SUMMARY REPORT: GERALD MICHAEL TAYLOR
CASE SUMMARY | FIRMS/INDIVIDUALS | ACTION DATE |
Gerald Michael Taylor, the respondent, was a former investment company and variable contracts products representative with CRD No. 5649838. FINANCIAL INDUSTRY REGULATORY AUTHORITY LETTER OF ACCEPTANCE, WAIVER, AND CONSENT NO. 2023077841801 TO: Department of Enforcement Financial Industry Regulatory Authority (FINRA) Respondent Gerald Michael Taylor submits this Letter of Acceptance, Waiver, and Consent (AWC) in accordance with FINRA Rule 9216 in order to suggest a settlement for the alleged rule violations listed below. CASE ID: 2023077841801 | GERALD MICHAEL TAYLOR | 10/17/2023 |
CONCLUSION
The severity of Gerald Michael Taylor‘s non-compliance with industry regulations is highlighted in the recent regulatory actions against him in Huntington, TN. Acceptance, Waiver, and Consent (AWC) issued on October 17, 2023, came with a three-month suspension from affiliation with any member of the Financial Industry Regulatory Authority (FINRA) and a $10,000 deferred fine.
The suspension ran from November 6, 2023, to February 5, 2024. Significantly, Taylor—chief compliance officer of a community bank and assistant professor of finance—accepted the fines without acknowledging or contesting the conclusions.
According to the regulatory findings, Taylor engaged in compensated outside business activities (OBAs) without giving his member firm written notice beforehand, which is against industry protocol.
In addition, inconsistencies emerged from Taylor’s submission of fraudulent data on compliance questionnaires, his deceptive denial of compensation outside of his company, and his false assertion that he held no officer position in any other organizations.
In addition, Taylor did not disclose his affiliation with the other organization when he opened an individual retirement account (IRA) with a different firm without first getting permission from his primary firm.
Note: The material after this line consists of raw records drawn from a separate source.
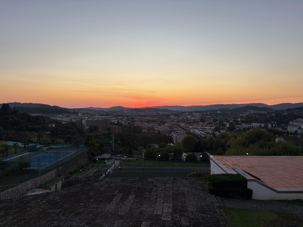 夕暮れ時には屋根付きの花崗岩のバルコニーのソファに座って、街を見下ろしながら美しい空の色を楽しみます。
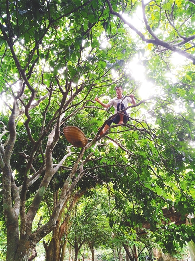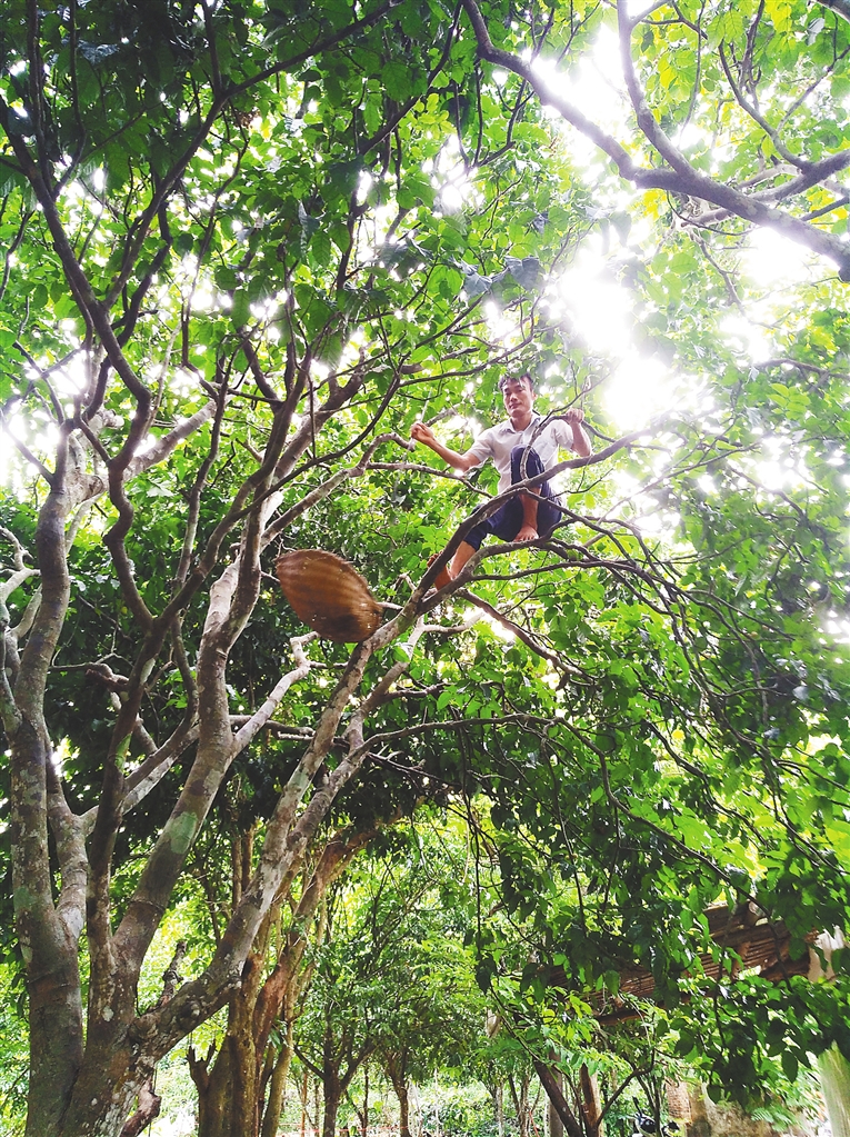 轻盈地穿梭在黄皮树的枝头,是当地很多果农的特技,他们口中的“上天果”也给他们带来了更多的生财之道。眼看儋州的黄皮作为一种传统的特色水果,越来越受到消费者的欢迎,54岁的符在明萌生了更多的想法:从原本简单的管理生产慢慢的衍生到服务业,实现从第一产业到第三产业的跨越。
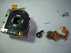 CCDを外すと、手振れ防止用の振動部マグネットはまだちゃんと台座にくっ付いているのが見て取れました。が、補助レンズのひとつが中で踊っていました。(左写真)
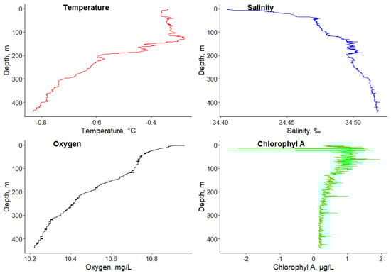 Data were analyzed for the hydrophysical parameters of the environment, measured using the CTD-rosette equipment package [57]. The average value of the parameters in the sampling place are presented: temperature: − 0.54 °C; salinity: 34.49‰; oxygen: 10.51 mg/L; and chlorophyll A: 0.47 µg/L. The detailed dynamics of the environmental factors is shown in Figure 1.
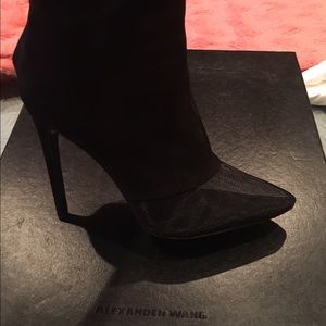 Black suede with mesh front Alexander Wang boots. These are super sexy! Even men compliment on them! Box & dust bag included. NO TRADES!! Merc available just ask.

These violations demonstrate the depth and seriousness of his disregard for legal requirements.
As concrete repercussions for Taylor’s regulatory violations, the suspension and deferred fine highlight how important it is for financial advisors to follow disclosure guidelines to the letter and obtain authorization before engaging in any outside activity.
In order to preserve integrity and confidence among the financial community, the industry must remain committed to openness, truthful reporting, and compliance with legal requirements. This case serves as a sharp reminder of this commitment.